A "container" is just a file, but an encrypted file that the software treats as if it were another hard drive - it has to be "mounted" as if it were a physical drive, and then you can read or write from or to it, encrypting or decrypting the data involved. The software handles the mounting process for you, and then handles the encrypt/decrypt tasks. Decrypted material is only stored in RAM - turn the computer off or lose power, and there is nothing to find until you mount the container volume again.

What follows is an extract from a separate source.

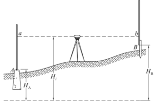 ①在水准点与待测设点间安置水准仪,读取已知水准点读数,计算视线高程。 ②视线高程减去待测设点高程计算待测设点应读数。 ③待测设点立尺,上下移动使读数等于应读数,在尺底标定测设位置。 举例:根据高程为188.199米的水准点C,测设附近某建筑物的地平±0标高桩,设计±0的高程为188.800米。在C点与±0标高桩间安置水准仪,读得C点标尺后视读数a=1.717米,问如何在±0标高桩上做出标高线? 解:

The only downside to it that I've ran across is that they no longer maintain a PDF user manual. The manual is, as most manuals are nowadays, on the internet as HTML. Luckily, it's not at all hard to use - but if you forget your passphrase, you can just kiss that data goodbye, because there is nothing and no one on Earth that can get you back into it.

A Google search for "VeraCrypt" will lead one straight to the software, free for the download.

As a side note, I DO NOT trust Microsoft's "Bitlocker" to encrypt anything at all. The way M$ acts, using their very operating system as spyware to spy on you, you just KNOW that Gates and Company have a back door built in to it, and if they can get into it, so can Uncle Sugar. They'd hand over their secret keys to him for a belly rub or less.

Actually, I think now if you encrypt your drive with Bitlocker, you are required to store a copy of your keys on a M$ server "for your own safety, in case you forget your password". If M$ has it, then so does Uncle Sugar, through them.